A precise copy of the data is required, with every picture left out.

— Supplied material —
::::::::
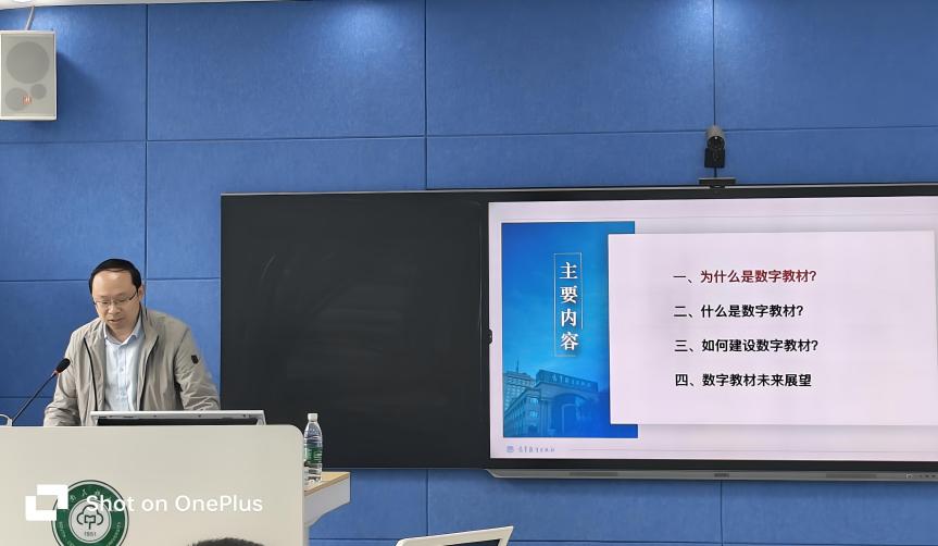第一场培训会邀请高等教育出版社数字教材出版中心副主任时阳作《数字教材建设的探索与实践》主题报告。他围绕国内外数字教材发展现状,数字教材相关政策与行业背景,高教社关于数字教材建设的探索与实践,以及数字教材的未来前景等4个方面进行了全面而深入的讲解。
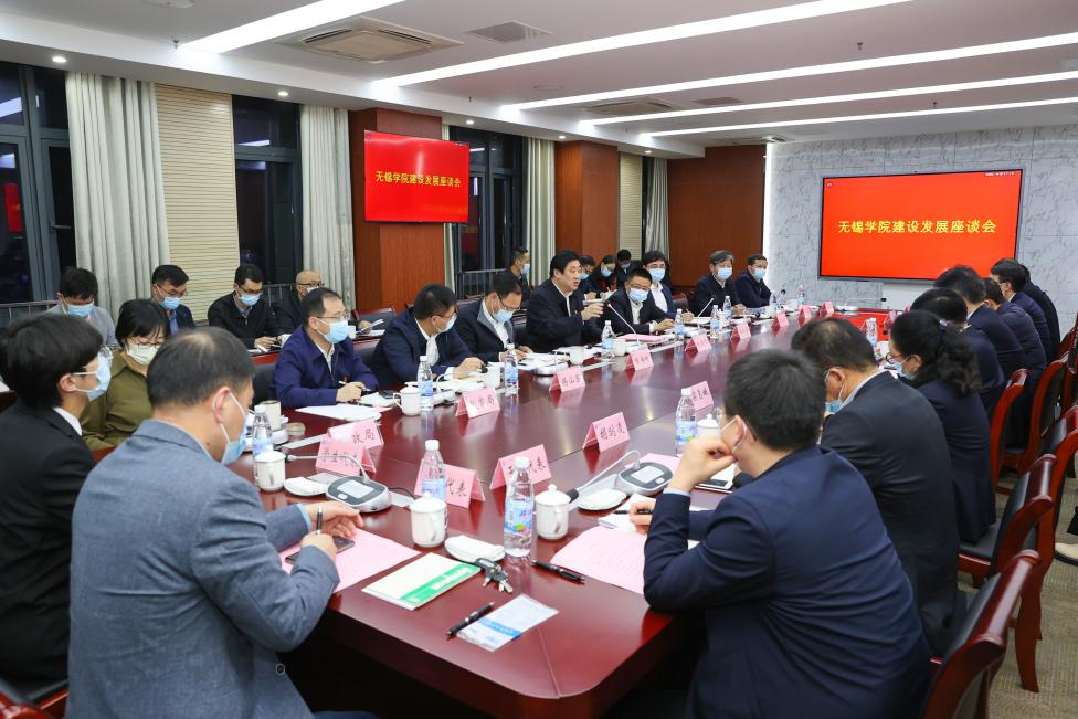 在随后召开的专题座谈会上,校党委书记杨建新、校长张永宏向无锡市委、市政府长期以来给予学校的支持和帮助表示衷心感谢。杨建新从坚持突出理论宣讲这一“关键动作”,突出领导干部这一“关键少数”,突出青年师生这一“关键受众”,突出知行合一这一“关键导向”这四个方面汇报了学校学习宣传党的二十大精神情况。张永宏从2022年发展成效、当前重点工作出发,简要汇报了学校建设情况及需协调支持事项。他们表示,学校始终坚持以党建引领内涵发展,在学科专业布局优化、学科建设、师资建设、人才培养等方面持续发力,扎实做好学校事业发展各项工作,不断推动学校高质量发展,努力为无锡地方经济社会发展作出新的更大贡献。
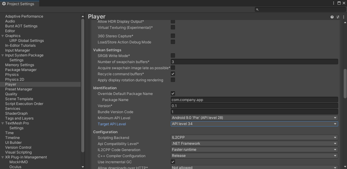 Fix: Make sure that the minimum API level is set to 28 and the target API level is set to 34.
::::::::
— Output for this exercise —
第一场培训会邀请高等教育出版社数字教材出版中心副主任时阳作《数字教材建设的探索与实践》主题报告。他围绕国内外数字教材发展现状,数字教材相关政策与行业背景,高教社关于数字教材建设的探索与实践,以及数字教材的未来前景等4个方面进行了全面而深入的讲解。
 在随后召开的专题座谈会上,校党委书记杨建新、校长张永宏向无锡市委、市政府长期以来给予学校的支持和帮助表示衷心感谢。杨建新从坚持突出理论宣讲这一“关键动作”,突出领导干部这一“关键少数”,突出青年师生这一“关键受众”,突出知行合一这一“关键导向”这四个方面汇报了学校学习宣传党的二十大精神情况。张永宏从2022年发展成效、当前重点工作出发,简要汇报了学校建设情况及需协调支持事项。他们表示,学校始终坚持以党建引领内涵发展,在学科专业布局优化、学科建设、师资建设、人才培养等方面持续发力,扎实做好学校事业发展各项工作,不断推动学校高质量发展,努力为无锡地方经济社会发展作出新的更大贡献。
 Fix: Make sure that the minimum API level is set to 28 and the target API level is set to 34.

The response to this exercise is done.